<<<<

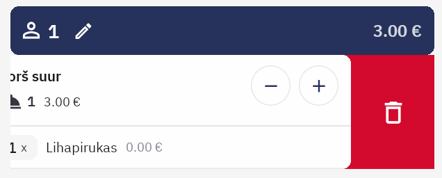 Kustutamine – kustutamiseks tuleb arverida näpuga vasakule lohistada, seejärjel ilmub arverea lõpus nähtavale kustutusnupp, millele vajutades rida kustutatakse.
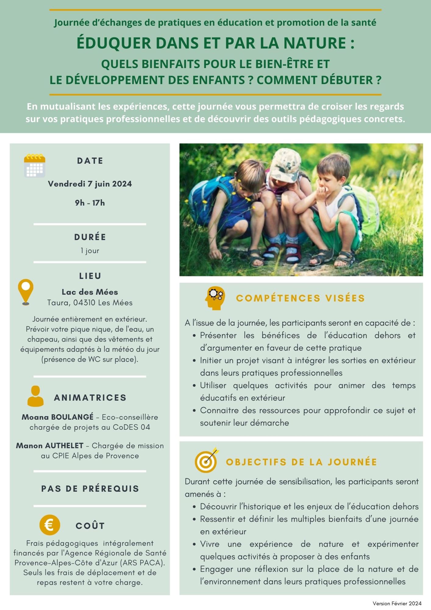 - Réflexions collectives : les leviers/freins pour emmener les enfants dehors, préparer au mieux sa sortie, gestion des risques, communiquer auprès des parents/ de son institution ...
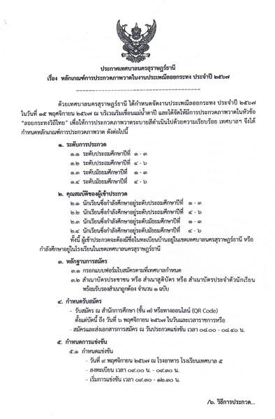 ท่านสามารถดูรายละเอียดหลักเกณฑ์การประกวด และปริ้นใบสมัครได้ในโพสต์ สอบถามรายละเอียดเพิ่มเติมได้ที่ สำนักการศึกษา เบอร์โทร 0-7727-2987
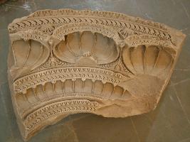 | Description / विवरण | This architectural member is carved with Gajatalu pattern and Kirtimukhas. Beside these, it is carved with floral and wave motifs. The Gajatalu are joined with each other. |
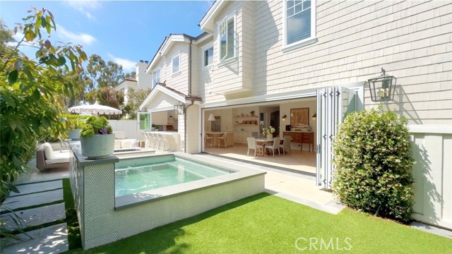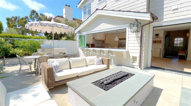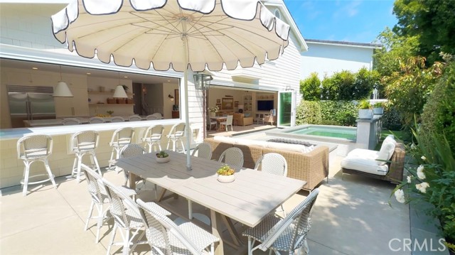 This beautifully updated Cape Cod–inspired home blends timeless elegance with the casual sophistication of coastal living. Offering five bedrooms, a bonus room, and four full bathrooms, the residence is designed for both comfort and effortless entertaining. A welcoming front veranda sets the tone for the home’s classic curb appeal, leading into a formal entry and living room filled with natural light. Beyond, the open-concept great room features a gourmet kitchen with a large center island, high-end appliances, La Cantina retractable windows with indoor/outdoor serving counters, and an adjoining family room and dining area with La Cantina retractable doors, all flowing seamlessly to the lush backyard. The outdoor space offers a fireplace, mature landscaping, grassy play area, and a private spool, creating a perfect setting for gatherings year-round. A downstairs bedroom and full bath provide flexibility for guests or a home office. Upstairs, the spacious primary suite includes a fireplace, custom built-ins, a luxurious spa-like bathroom, and an expansive walk-in closet. Three additional bedrooms, a large bonus room, and a convenient upstairs laundry room complete the second floor. Ideally located just moments from Andersen Elementary, community parks, and the neighborhood pool and greenbelts, this home offers the best of the Port Streets lifestyle—a welcoming community in the heart of Newport Beach.
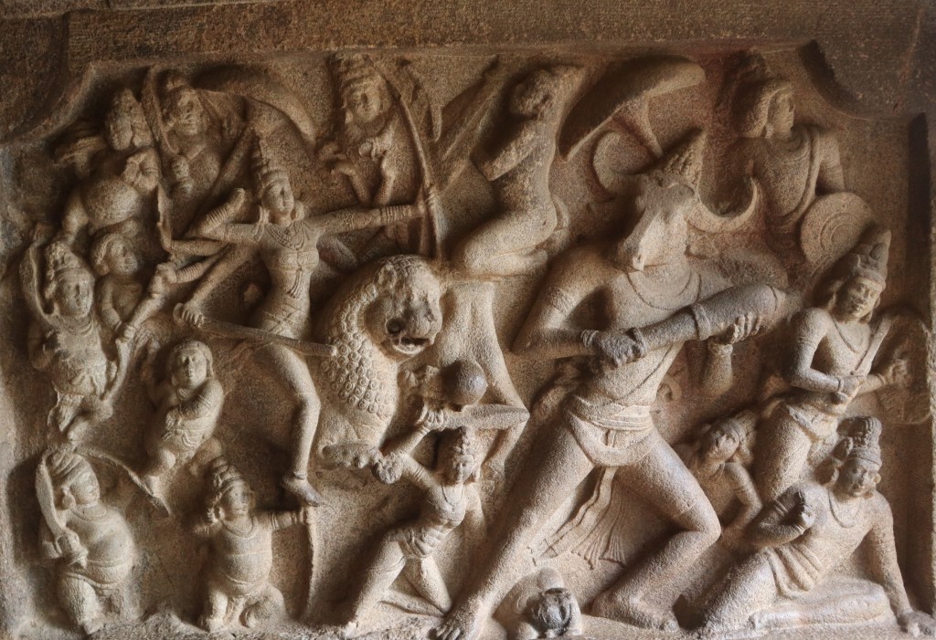அடுத்தது மகிஸவர்தனி குகை. அதனைப் பார்ப்பதங்கான ஆவலை எனக்குத் தூண்டியவர் கவிஞர் இந்திரன். திராவிட சிற்பக்கலை என்ற நிகழ்வில் அவர் பேசும்போது மகிசாசுரன் சண்டையைப் பற்றிய இந்தச் சிற்பத்தைப் பற்றிச் சிலாகித்துப் பேசினார். அதனால் ஆதனைப் பார்க்கவேண்டும் என்ற எனது ஆர்வம் எனக்குள் ஏற்பட்டிருந்தது. இந்தக்குகையில் சுவரோவியம் போல் மூன்று காட்சிகள் உள்ளன. முருகன் குழந்தையாக சிவன் பார்வதியுடன் சேர்ந்திருப்பது. அது நடுவே இருக்க, ஒரு பக்கத்தில் விஷ்ணு சயனம் செய்யும் காட்சியும், மறு பக்கத்தில் மகிசாவர்தனியின் போர்க் காட்சியும் இடம்பெற்றுள்ளன.
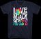 This B-52s t-shirt features the title of the band's signature song, "Love Shack".
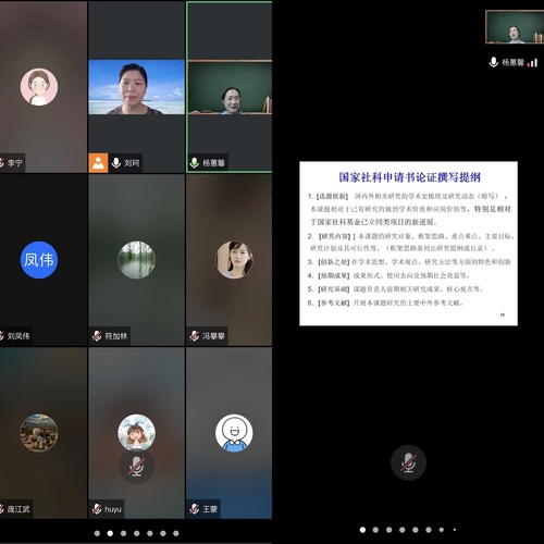 本次讲座紧紧围绕国家社科基金课题申报与学术研究主题展开。首先,杨蕙馨教授介绍了国家社科基金近年申报特点、评审情况、研究准备工作、选题原则、课题申请注意事项等要点;其次,在活页撰写方面,杨蕙馨教授提出应注重逻辑清晰、主题突出、层次分明、内容翔实、排版清晰、赏心悦目;最后,杨蕙馨教授从课题申报申请书撰写的选题依据、研究内容、创新之处、预期成果、研究基础、参考文献等方面逐条进行了详细指导。
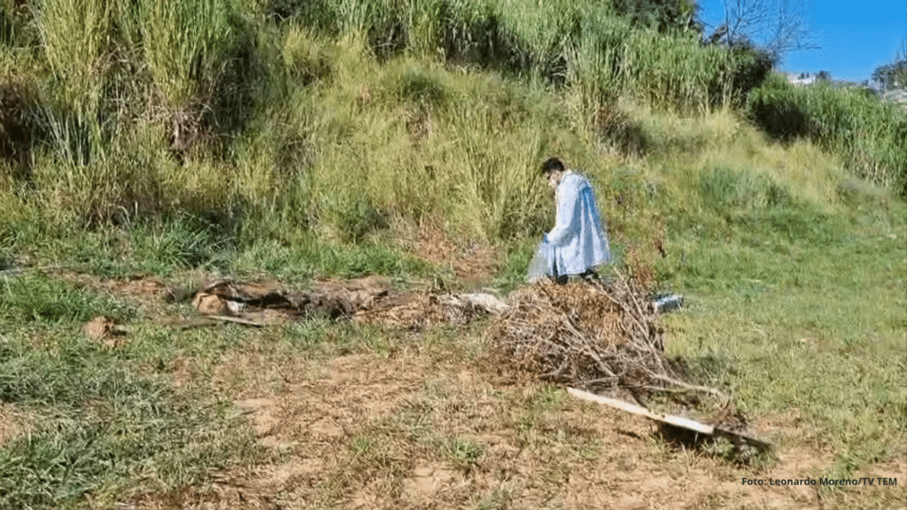 A descoberta foi feita por moradores da área, que acionaram a polícia para atender à ocorrência.
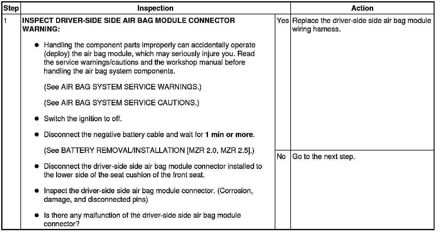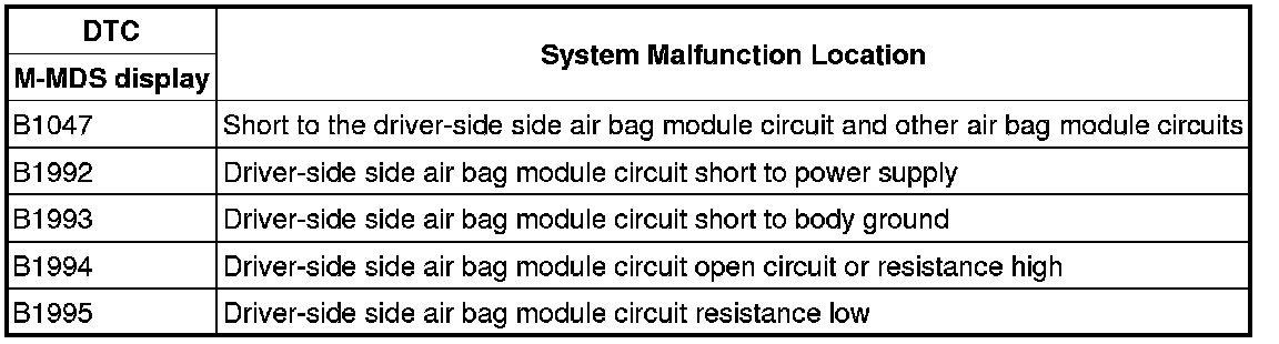 - Resistance other than 1.10-9.64 ohms is detected in driver-side side air bag module circuit
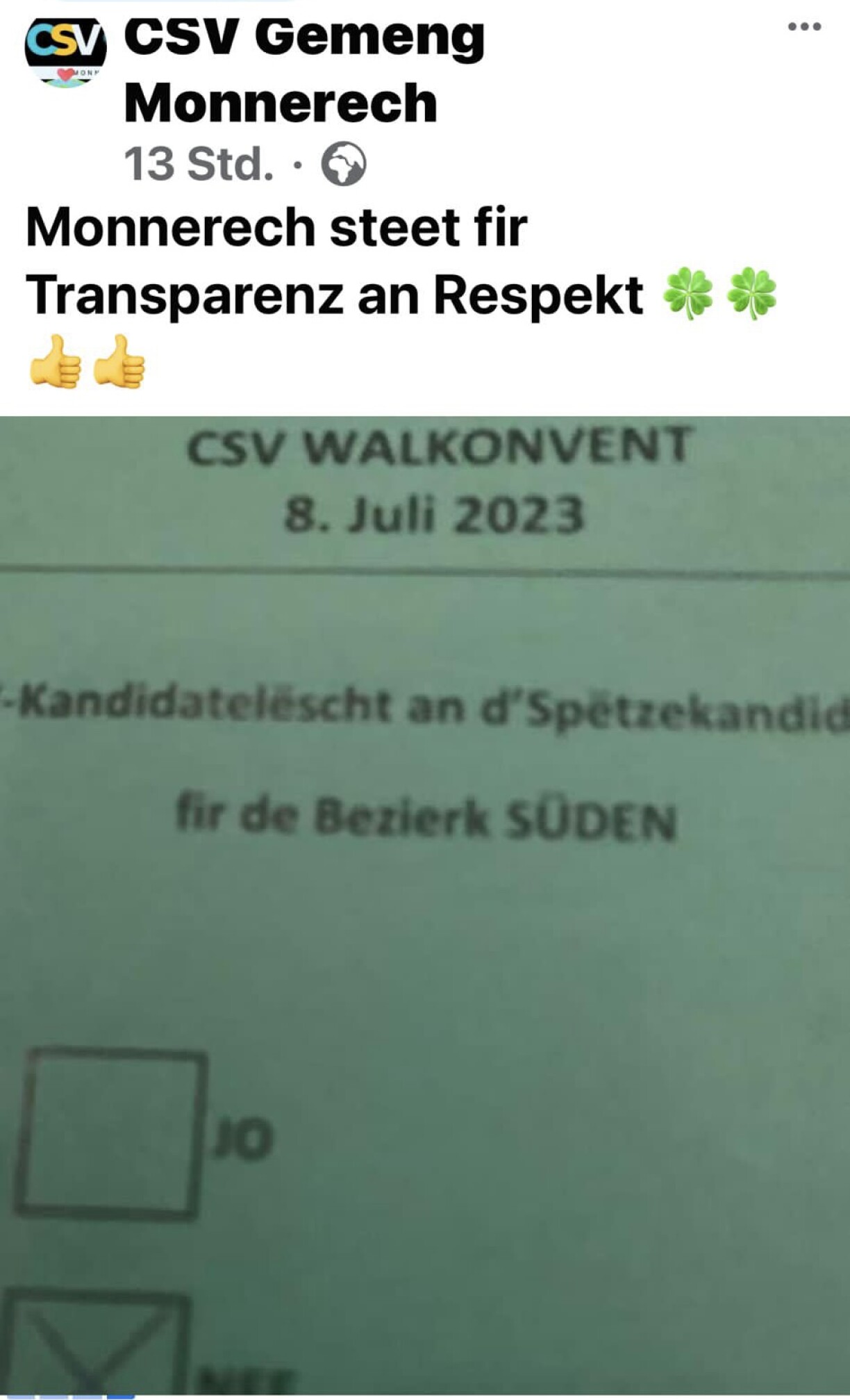 E Post vun der CSV-Sektioun Monnerech op der social media Plattform Facebook schwätzt eng kloer Sprooch. Zwar gouf um Konvent anonym iwwer d‘Wallëschten ofgestëmmt. Ma d‘Sektioun Monnerech hat en Stëmmziedel fotograféiert an online publizéiert: d‘Këscht virum Jo bleift eidel, an der vum Nee steet e Kräiz. Monnerech stéing fir Transparenz an Respekt stoung iwwer der Foto. Dofir gouf géint d‘Süd-Lëscht gestëmmt, esou gëtt suggeréiert. Antëscht ass d‘Foto vun der Plattform verschwonnen. Den Text steet nach do.
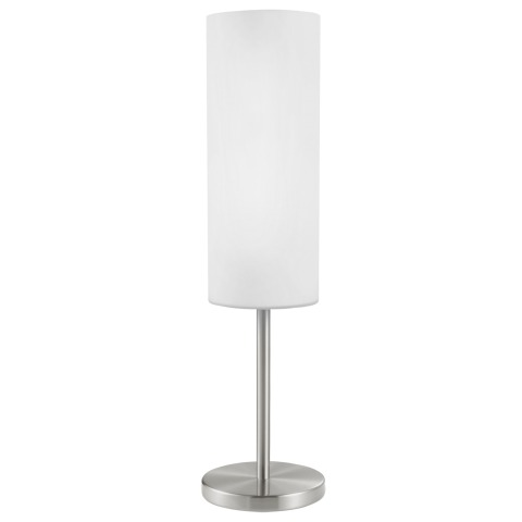 A TROY 3 asztali lámpa matt nikkel bevonatú fémtalppal és fehér szatén üvegből készült hengeres lámpabúrával rendelkezik. Az asztali lámpa egyszerűen be- és kikapcsol a soros kapcsolóval. Egyszerű kialakításának köszönhetően az asztali lámpa szinte bármil..
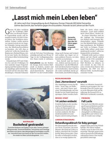 40 Jahre nach ihrer Vergewaltigung durch Regisseur Roman Polanski (83) bittet Samantha Geimer das Gericht, das Verfahren gegen ihn einzustellen. Polanski ist seit Jahren auf der Flucht.
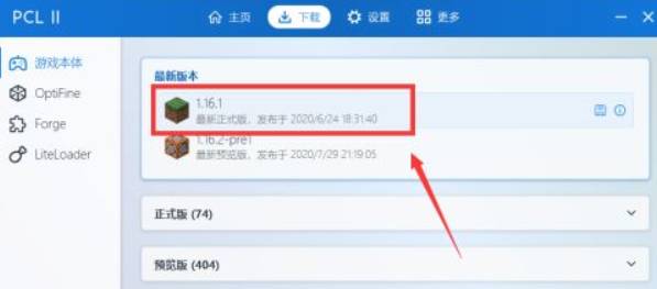 2.這時我們需要下載相應的版本客戶端,選擇是PCL2啟動器,點擊進入啟動器界面。
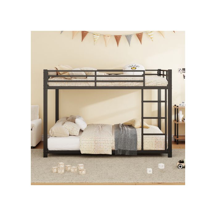 Lit superposé - MUVOE - 140x200 cm - Métal Noir - 2 places - Montage facile — купить товар онлайн с бесплатной доставкой по всему миру!

>>>>

- [Work to be completed] Reproduce the records exactly, starting with their first line and ending with the line that contains "each other. |", though pictures should be dropped.

- [Solution to the problem]
 Kustutamine – kustutamiseks tuleb arverida näpuga vasakule lohistada, seejärjel ilmub arverea lõpus nähtavale kustutusnupp, millele vajutades rida kustutatakse.
 - Réflexions collectives : les leviers/freins pour emmener les enfants dehors, préparer au mieux sa sortie, gestion des risques, communiquer auprès des parents/ de son institution ...
 ท่านสามารถดูรายละเอียดหลักเกณฑ์การประกวด และปริ้นใบสมัครได้ในโพสต์ สอบถามรายละเอียดเพิ่มเติมได้ที่ สำนักการศึกษา เบอร์โทร 0-7727-2987
 | Description / विवरण | This architectural member is carved with Gajatalu pattern and Kirtimukhas. Beside these, it is carved with floral and wave motifs. The Gajatalu are joined with each other. |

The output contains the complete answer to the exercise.